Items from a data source

--*--

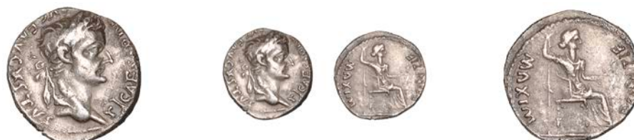
1264 Tiberius , Denarius, Lugdunum, after 16 AD, laureate bust right, rev. Livia seated right on ornate stool, holding sceptre and olive branch, 3.28g (RIC 30; RSC 16a; RCV 1763). Good very fine, strong portrait £120-£150
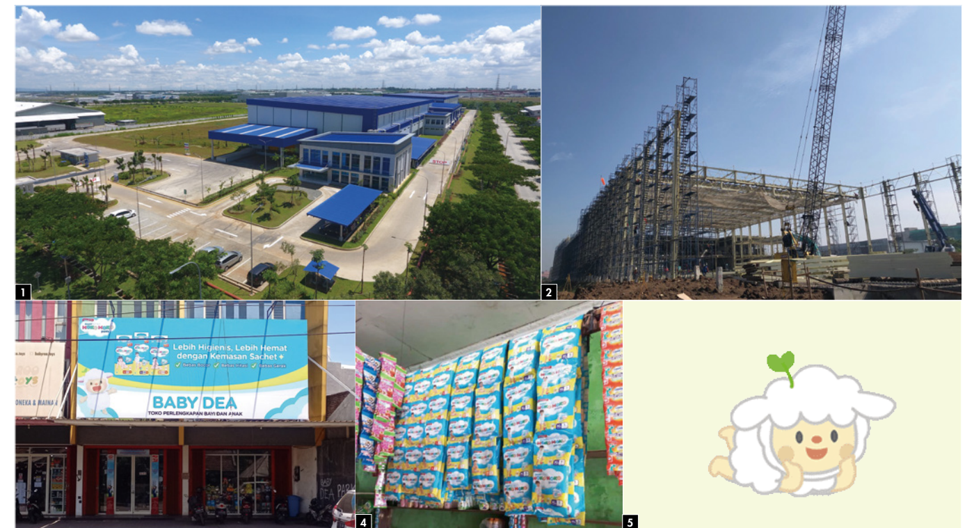
1 Completed mill 2 The mill under construction (at the time) 3 Banner advertisement at Indian Mallet store 4 Products in single-packs displayed in a store 5 Character Omba-chan

The most recent major initiative was the launch of three-pack disposal diapers in addition to the current single-pack. PT has introduced these new forms of products to the market and has seen a steady increase in volume. They will continue to increase production to meet strong demand in Indonesia.
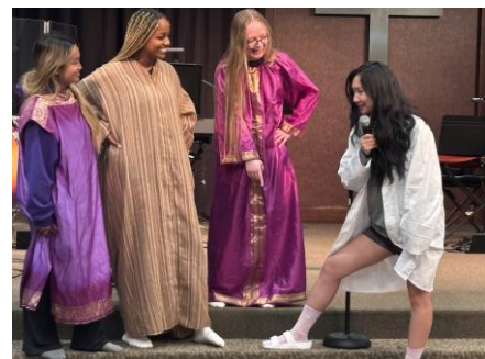
Power-Up Skit was Hilarious & Taught the Theme
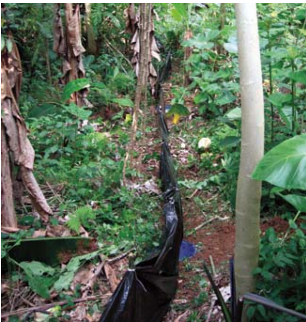
A drift fence and pitfall trap setup for capturing small amphibians, reptiles, and mammals.
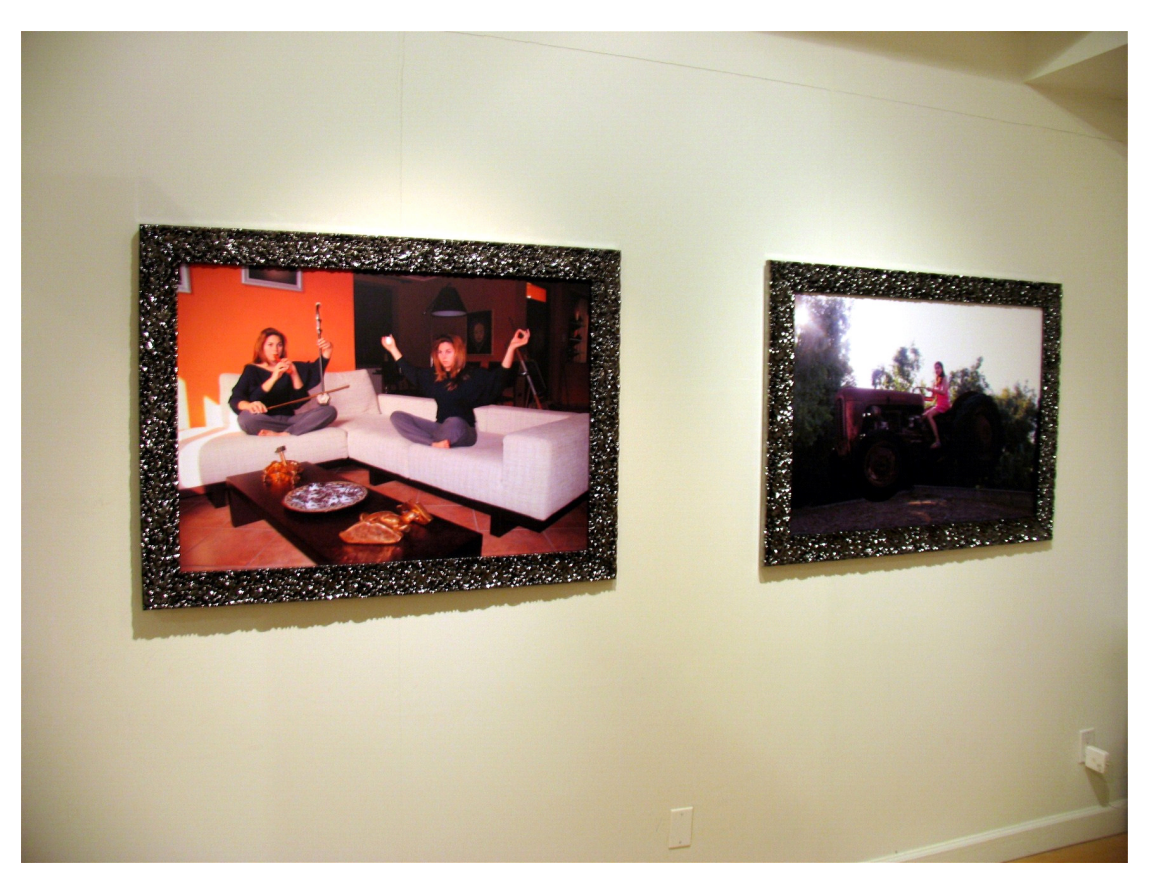
DIGITAL WORKS: 77 (2009), The farmer (2012)

Magrin's art emerges out of the need to present first and foremost, the breathing visual incarnation of aesthetic intuition. This involves an intense concentration on the part of the artist to balance conscious and unconscious activity, drawing upon a power-not-itself, and combining the real and the ideal. The artist veers away against sanctioned thinking, against the canons of established religion, rules of the state, against academic art and sanctioned views of sexuality.

--*--

• [WHAT THE TASK REQUIRES]
Lines above containing "strong": give their number only.

• [FINISHED TASK]
2